Exercise goal » Set out each line from the following listing that includes the word "simple".

Input data »
◆ ◆ ◆ ◆ ◆

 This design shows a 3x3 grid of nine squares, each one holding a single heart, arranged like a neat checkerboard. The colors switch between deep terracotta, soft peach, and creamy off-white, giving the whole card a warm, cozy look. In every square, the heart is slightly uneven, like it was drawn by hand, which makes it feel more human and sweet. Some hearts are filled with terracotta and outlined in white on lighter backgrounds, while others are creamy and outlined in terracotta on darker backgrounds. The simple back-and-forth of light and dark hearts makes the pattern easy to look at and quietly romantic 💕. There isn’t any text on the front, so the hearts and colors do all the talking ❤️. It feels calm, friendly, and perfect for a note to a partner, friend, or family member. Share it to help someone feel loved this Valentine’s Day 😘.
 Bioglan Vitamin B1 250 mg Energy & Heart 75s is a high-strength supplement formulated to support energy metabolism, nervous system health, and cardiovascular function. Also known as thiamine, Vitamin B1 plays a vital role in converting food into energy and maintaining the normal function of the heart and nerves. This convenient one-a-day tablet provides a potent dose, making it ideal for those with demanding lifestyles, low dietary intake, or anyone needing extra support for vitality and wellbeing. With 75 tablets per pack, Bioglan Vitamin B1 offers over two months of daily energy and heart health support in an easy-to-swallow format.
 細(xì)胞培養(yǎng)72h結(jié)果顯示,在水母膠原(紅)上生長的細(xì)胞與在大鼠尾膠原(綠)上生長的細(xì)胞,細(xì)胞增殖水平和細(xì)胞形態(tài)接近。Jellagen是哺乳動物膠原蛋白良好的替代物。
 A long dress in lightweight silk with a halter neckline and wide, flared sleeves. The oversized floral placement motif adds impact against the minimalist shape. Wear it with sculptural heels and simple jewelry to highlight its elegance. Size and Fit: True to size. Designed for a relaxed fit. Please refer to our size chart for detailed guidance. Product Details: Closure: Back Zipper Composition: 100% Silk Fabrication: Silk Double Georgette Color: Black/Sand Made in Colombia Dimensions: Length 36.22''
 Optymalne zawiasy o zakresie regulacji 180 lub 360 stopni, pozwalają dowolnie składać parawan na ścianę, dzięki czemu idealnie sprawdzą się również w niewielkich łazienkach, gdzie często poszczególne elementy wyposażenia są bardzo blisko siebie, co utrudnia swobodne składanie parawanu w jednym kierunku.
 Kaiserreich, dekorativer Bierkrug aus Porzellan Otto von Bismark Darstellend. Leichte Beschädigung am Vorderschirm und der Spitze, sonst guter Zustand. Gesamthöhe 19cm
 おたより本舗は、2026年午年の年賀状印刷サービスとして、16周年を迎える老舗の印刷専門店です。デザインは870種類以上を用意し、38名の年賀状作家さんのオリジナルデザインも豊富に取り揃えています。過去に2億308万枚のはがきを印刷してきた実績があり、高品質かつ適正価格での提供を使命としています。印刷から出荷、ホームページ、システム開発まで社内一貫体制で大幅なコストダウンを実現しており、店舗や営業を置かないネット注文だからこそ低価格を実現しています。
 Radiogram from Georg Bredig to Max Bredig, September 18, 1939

◆ ◆ ◆ ◆ ◆

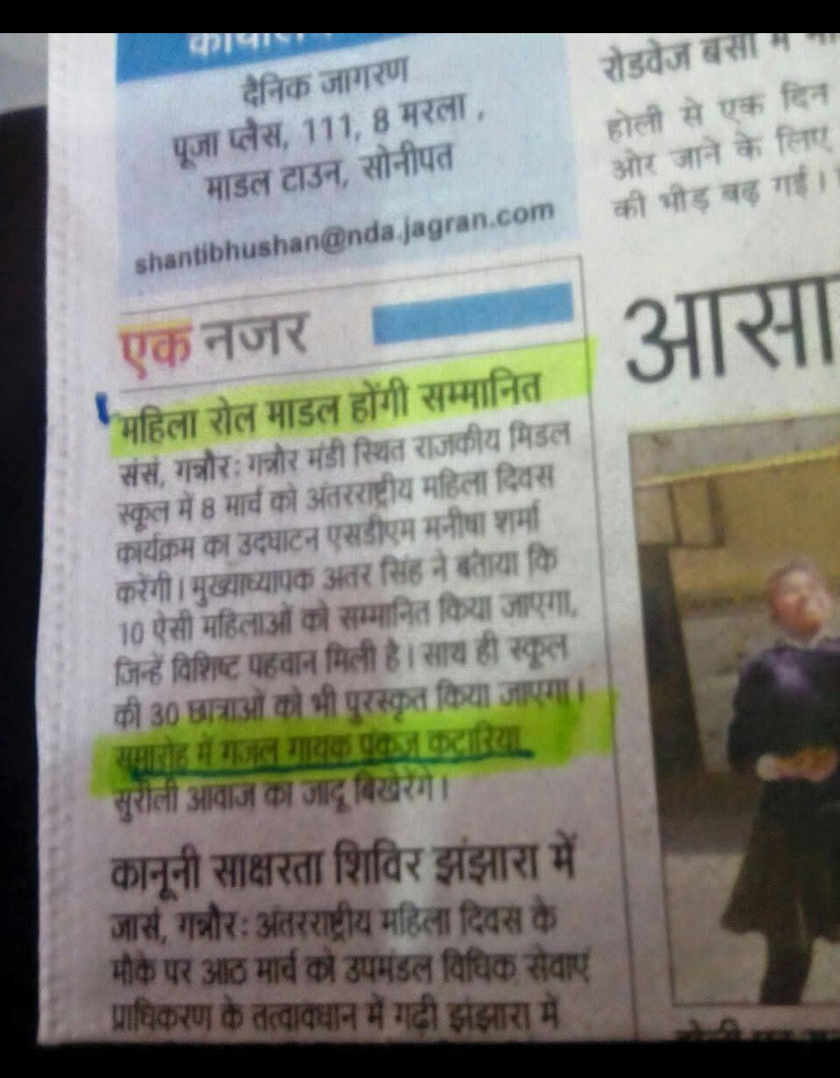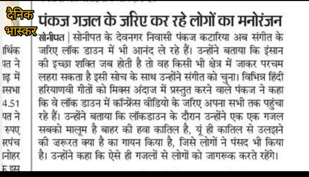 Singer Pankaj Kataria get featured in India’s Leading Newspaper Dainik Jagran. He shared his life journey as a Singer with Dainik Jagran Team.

◆ ◆ ◆ ◆ ◆

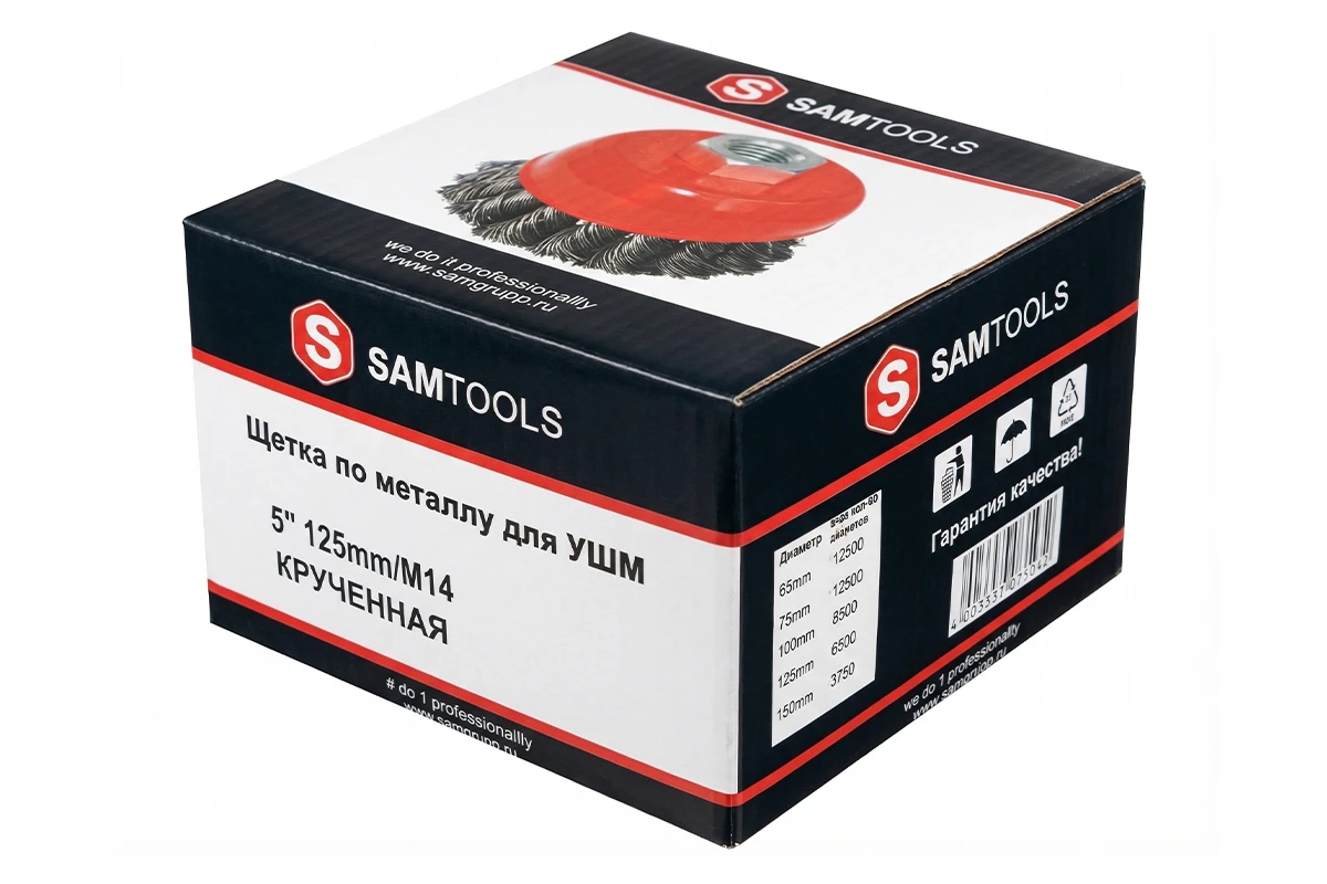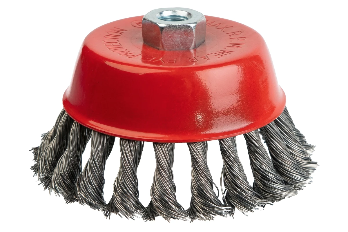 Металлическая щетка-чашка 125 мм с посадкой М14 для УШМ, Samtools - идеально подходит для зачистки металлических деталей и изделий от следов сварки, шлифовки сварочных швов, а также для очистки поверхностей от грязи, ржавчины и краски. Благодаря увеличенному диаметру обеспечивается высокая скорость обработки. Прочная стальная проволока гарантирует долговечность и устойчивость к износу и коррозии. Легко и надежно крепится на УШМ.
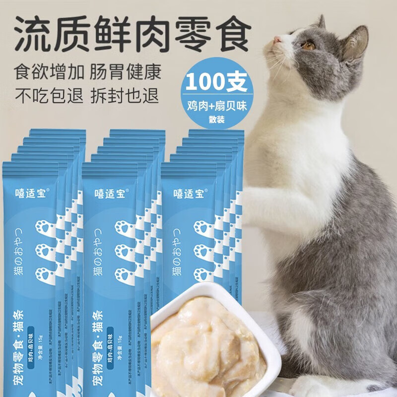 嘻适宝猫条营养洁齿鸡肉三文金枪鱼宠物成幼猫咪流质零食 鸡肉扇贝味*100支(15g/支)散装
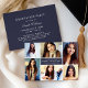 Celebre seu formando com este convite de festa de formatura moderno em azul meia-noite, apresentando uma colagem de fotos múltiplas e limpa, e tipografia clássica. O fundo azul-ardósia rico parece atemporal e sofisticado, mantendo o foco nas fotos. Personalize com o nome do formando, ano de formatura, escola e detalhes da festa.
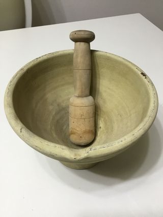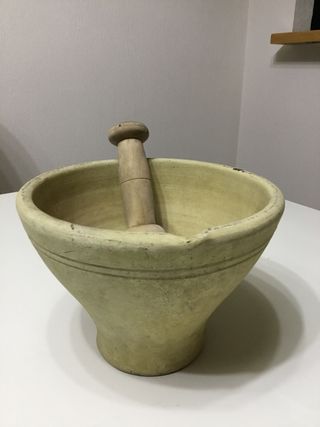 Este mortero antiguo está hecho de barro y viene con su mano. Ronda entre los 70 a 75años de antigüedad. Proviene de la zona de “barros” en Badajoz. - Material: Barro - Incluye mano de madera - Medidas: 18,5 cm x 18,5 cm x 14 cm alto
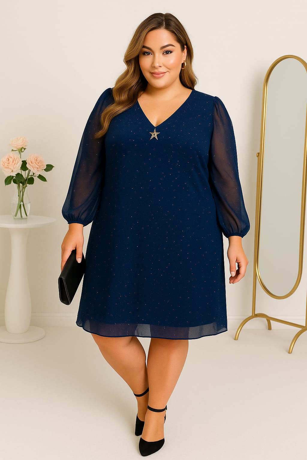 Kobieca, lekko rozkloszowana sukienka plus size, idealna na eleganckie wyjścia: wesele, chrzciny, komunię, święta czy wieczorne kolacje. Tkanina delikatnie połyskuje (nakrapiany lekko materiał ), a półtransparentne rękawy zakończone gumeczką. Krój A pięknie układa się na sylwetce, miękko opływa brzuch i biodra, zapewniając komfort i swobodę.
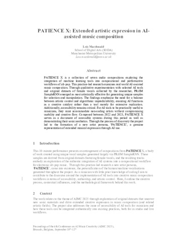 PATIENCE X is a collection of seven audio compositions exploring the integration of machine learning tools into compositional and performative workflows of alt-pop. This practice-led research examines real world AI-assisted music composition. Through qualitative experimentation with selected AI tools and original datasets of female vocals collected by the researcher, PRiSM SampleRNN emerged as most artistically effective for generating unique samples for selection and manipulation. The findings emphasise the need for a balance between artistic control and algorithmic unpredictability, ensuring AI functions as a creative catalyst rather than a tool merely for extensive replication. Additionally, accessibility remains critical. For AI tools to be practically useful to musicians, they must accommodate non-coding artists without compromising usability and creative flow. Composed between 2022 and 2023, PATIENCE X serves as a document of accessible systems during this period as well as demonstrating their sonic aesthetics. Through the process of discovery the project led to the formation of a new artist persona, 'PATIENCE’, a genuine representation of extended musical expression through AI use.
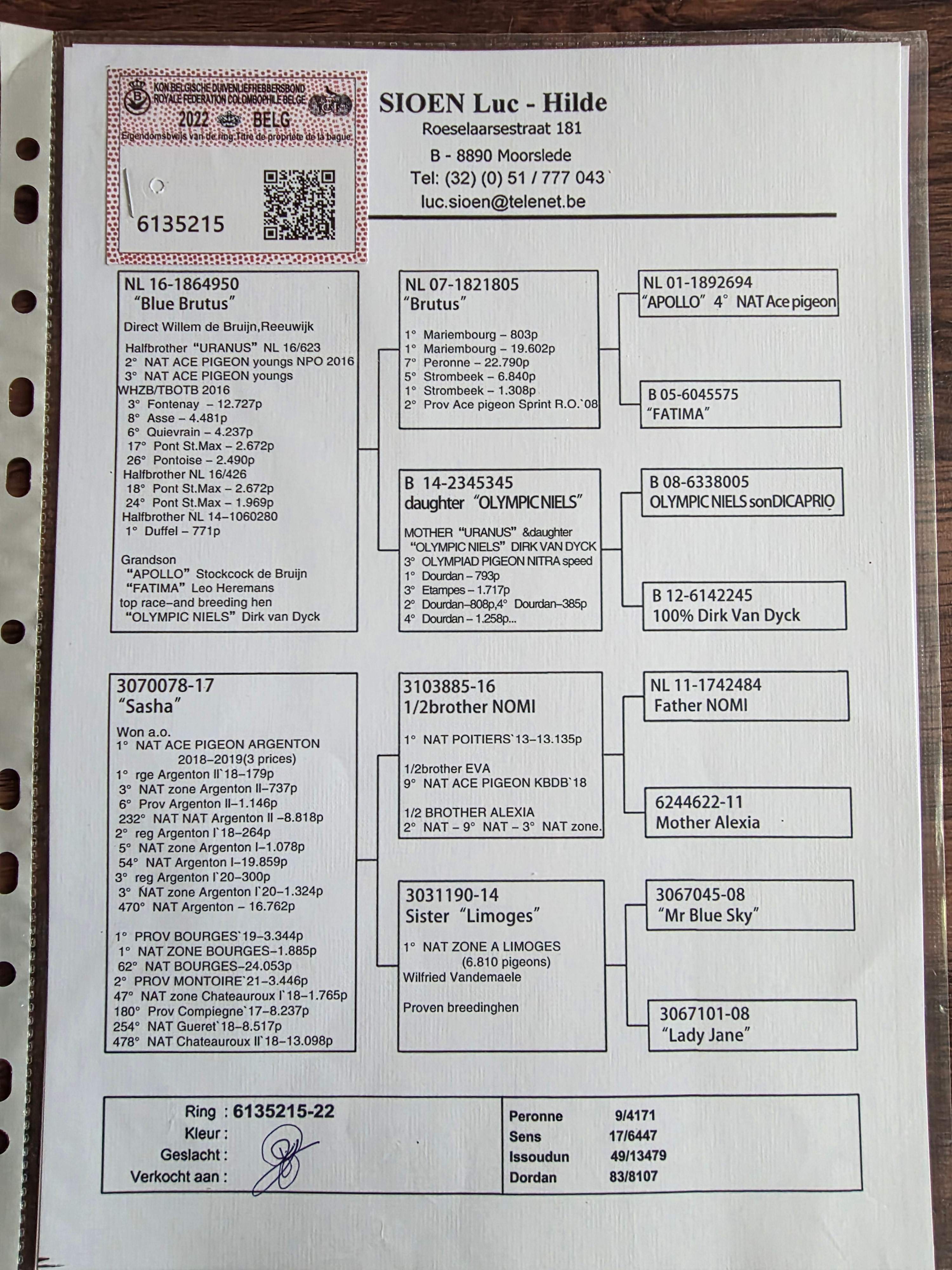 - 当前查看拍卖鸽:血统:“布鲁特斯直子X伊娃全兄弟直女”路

◆ ◆ ◆ ◆ ◆

Your solution »
 This design shows a 3x3 grid of nine squares, each one holding a single heart, arranged like a neat checkerboard. The colors switch between deep terracotta, soft peach, and creamy off-white, giving the whole card a warm, cozy look. In every square, the heart is slightly uneven, like it was drawn by hand, which makes it feel more human and sweet. Some hearts are filled with terracotta and outlined in white on lighter backgrounds, while others are creamy and outlined in terracotta on darker backgrounds. The simple back-and-forth of light and dark hearts makes the pattern easy to look at and quietly romantic 💕. There isn’t any text on the front, so the hearts and colors do all the talking ❤️. It feels calm, friendly, and perfect for a note to a partner, friend, or family member. Share it to help someone feel loved this Valentine’s Day 😘.
 A long dress in lightweight silk with a halter neckline and wide, flared sleeves. The oversized floral placement motif adds impact against the minimalist shape. Wear it with sculptural heels and simple jewelry to highlight its elegance. Size and Fit: True to size. Designed for a relaxed fit. Please refer to our size chart for detailed guidance. Product Details: Closure: Back Zipper Composition: 100% Silk Fabrication: Silk Double Georgette Color: Black/Sand Made in Colombia Dimensions: Length 36.22''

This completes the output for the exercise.